(Entries provided)
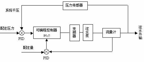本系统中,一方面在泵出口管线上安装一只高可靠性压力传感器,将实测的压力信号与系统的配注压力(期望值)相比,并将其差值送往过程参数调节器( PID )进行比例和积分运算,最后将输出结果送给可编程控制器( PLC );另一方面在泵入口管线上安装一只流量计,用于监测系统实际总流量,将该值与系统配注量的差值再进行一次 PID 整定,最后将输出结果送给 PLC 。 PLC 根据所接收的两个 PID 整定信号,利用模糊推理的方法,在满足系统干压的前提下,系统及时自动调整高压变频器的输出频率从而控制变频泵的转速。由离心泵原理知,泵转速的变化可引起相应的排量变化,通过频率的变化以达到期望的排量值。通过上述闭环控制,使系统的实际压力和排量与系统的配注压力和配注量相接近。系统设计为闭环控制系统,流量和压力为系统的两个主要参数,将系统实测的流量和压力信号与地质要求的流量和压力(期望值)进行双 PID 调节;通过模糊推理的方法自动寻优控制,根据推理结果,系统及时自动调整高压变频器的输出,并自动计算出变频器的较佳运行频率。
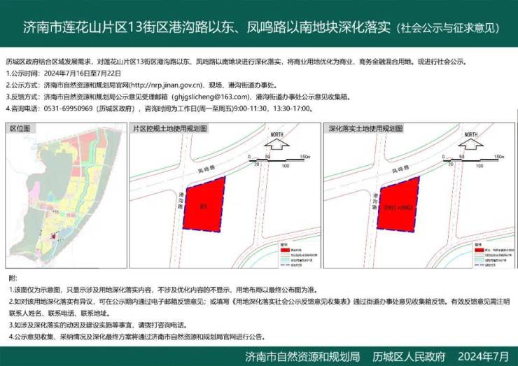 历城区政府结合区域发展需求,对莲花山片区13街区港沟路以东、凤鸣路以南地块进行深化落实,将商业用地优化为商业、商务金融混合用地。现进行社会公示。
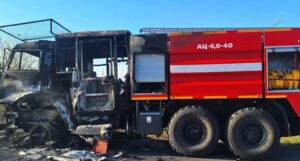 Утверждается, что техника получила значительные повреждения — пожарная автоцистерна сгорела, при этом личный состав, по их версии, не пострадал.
(End Entries provided)
(Entries provided)
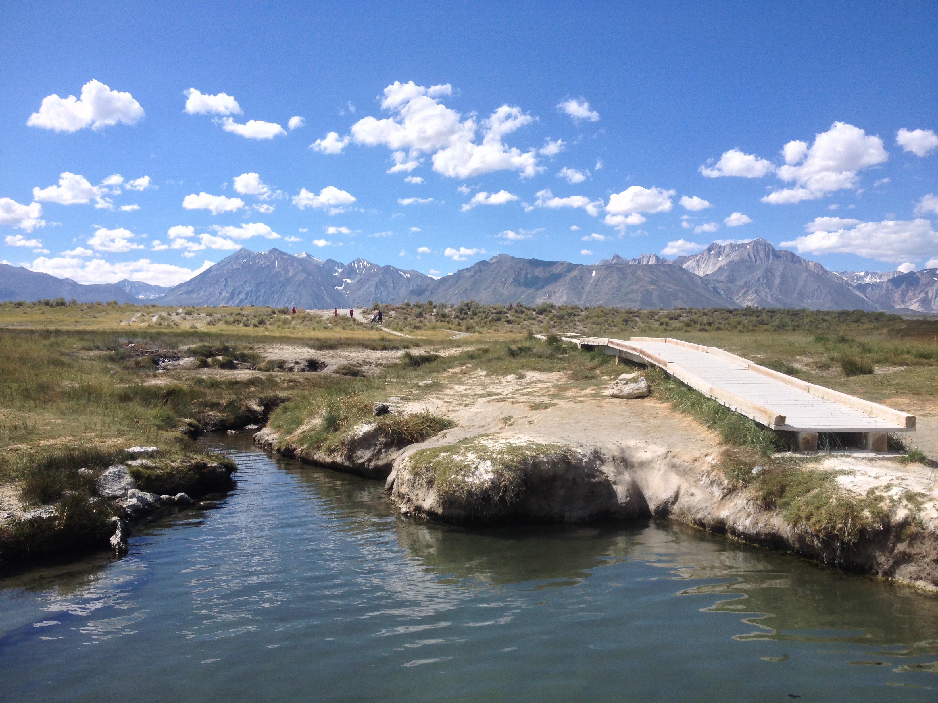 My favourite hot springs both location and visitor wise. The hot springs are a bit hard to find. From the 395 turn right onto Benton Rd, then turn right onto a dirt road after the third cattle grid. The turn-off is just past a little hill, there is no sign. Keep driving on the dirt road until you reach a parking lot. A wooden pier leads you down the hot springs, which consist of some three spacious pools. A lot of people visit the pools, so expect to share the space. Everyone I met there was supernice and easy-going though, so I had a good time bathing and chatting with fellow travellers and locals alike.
(End Entries provided)
_Exercise aim_
In the records above, everything from the line with "PID )进行比例和积分运算,最后将输出结果送给可编程控制器( PLC" down to the line with "历城区政府结合区域发展需求,对莲花山片区" must be duplicated exactly, both lines kept. Leave no pictures in.

_Response below_
本系统中,一方面在泵出口管线上安装一只高可靠性压力传感器,将实测的压力信号与系统的配注压力(期望值)相比,并将其差值送往过程参数调节器( PID )进行比例和积分运算,最后将输出结果送给可编程控制器( PLC );另一方面在泵入口管线上安装一只流量计,用于监测系统实际总流量,将该值与系统配注量的差值再进行一次 PID 整定,最后将输出结果送给 PLC 。 PLC 根据所接收的两个 PID 整定信号,利用模糊推理的方法,在满足系统干压的前提下,系统及时自动调整高压变频器的输出频率从而控制变频泵的转速。由离心泵原理知,泵转速的变化可引起相应的排量变化,通过频率的变化以达到期望的排量值。通过上述闭环控制,使系统的实际压力和排量与系统的配注压力和配注量相接近。系统设计为闭环控制系统,流量和压力为系统的两个主要参数,将系统实测的流量和压力信号与地质要求的流量和压力(期望值)进行双 PID 调节;通过模糊推理的方法自动寻优控制,根据推理结果,系统及时自动调整高压变频器的输出,并自动计算出变频器的较佳运行频率。
 历城区政府结合区域发展需求,对莲花山片区13街区港沟路以东、凤鸣路以南地块进行深化落实,将商业用地优化为商业、商务金融混合用地。现进行社会公示。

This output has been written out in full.